The Winter Solstice 5:23 PM EST
What can we say about the Solstice? Due to the angle at which the earth spins, days get longer and shorter, and the Solstice is the tipping point where (in the Northern Hemisphere) they start getting longer again, and most of us are pretty happy about it!
Whether you live in a pre-industrial culture or one steeped in scientific explanation, as we have to deal with shorter days, it’s hard not to imagine what would happen if they just kept getting shorter until there was no daylight at all. Even when you are confident that it’s coming, it’s wonderful to not need the artificial light (electrical or flame) as much, and know that it will also start getting warmer, and crops will grow again. (Even in the modern world we are mostly living on the previous year’s stored harvest.)
For those sensitive to such things, the Winter season (from November to February) is a time when many spirits seem to have more access to our world- ancestral spirits and other ghosts, the Wild Hunt, and the Good Neighbors wander the nights and visit human homes, leaving blessings, or sometimes terror in their wake. The tradition of Ghost Stories at Christmas goes back much farther than Dickens. If you haven’t worked out how to be blessed by passing spirits, or are simply very sensitive, it can be exhausting (especially in a culture where on top of dealing with them, you have to come up with explanations that will satisfy the unbelievers.)

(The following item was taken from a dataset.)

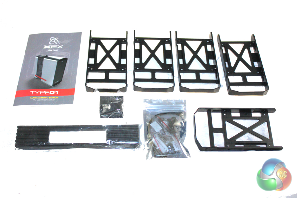 The included accessories are supplied within a small box inside the chassis. The bundle consists predominantly of all of the accessories required for installation. XFX have clearly put some thought into this, though, as they have separated all of the different types of screws into clearly labelled bags.

So many cultures have solstice celebrations that I cannot possibly list them all, but they include the Births of the Uncoquered Sun, Horus, Mithras, Christ, Frey, Pryderi, Persephone, Dionysus, and King Arthur. In Japan, Amaterasu comes out of her cave. In the Roman Saturnalia this was the day they celebrated Divalia- to the Goddess of Silence.
A Hopi and Zuni celebrate Soyal, Hindus have begun celebrating Pancha Ganapati, Karachun is a Slavic holiday, Persians celebrated Mithras, Feast of Aset (Egyptian), Capac Raymi (Incan), Beiwe/Rozhanitsa (Saami), Shabe-Yalda (Zoroastrian), Druids celebrated Alban Arthuan. (and remember, in the Southern Hemisphere, the Summer Solstice celebrations are going on.) Wiccans celebrate the dominion of the Horned God rather than the Lady, or the Holly King (over the Oak King), or the Crone rather than the Maiden.
Christians have included many customs over the centuries that seem similar to those of other cultures celebrating the Solstice and the returning of the light. There’s often fireworks or ringing bells and making other noises, fires, dancing and masks, including Hoydening, Mumping, and Burning the Clocks.
Whatever way you celebrate- have a blessed holiday!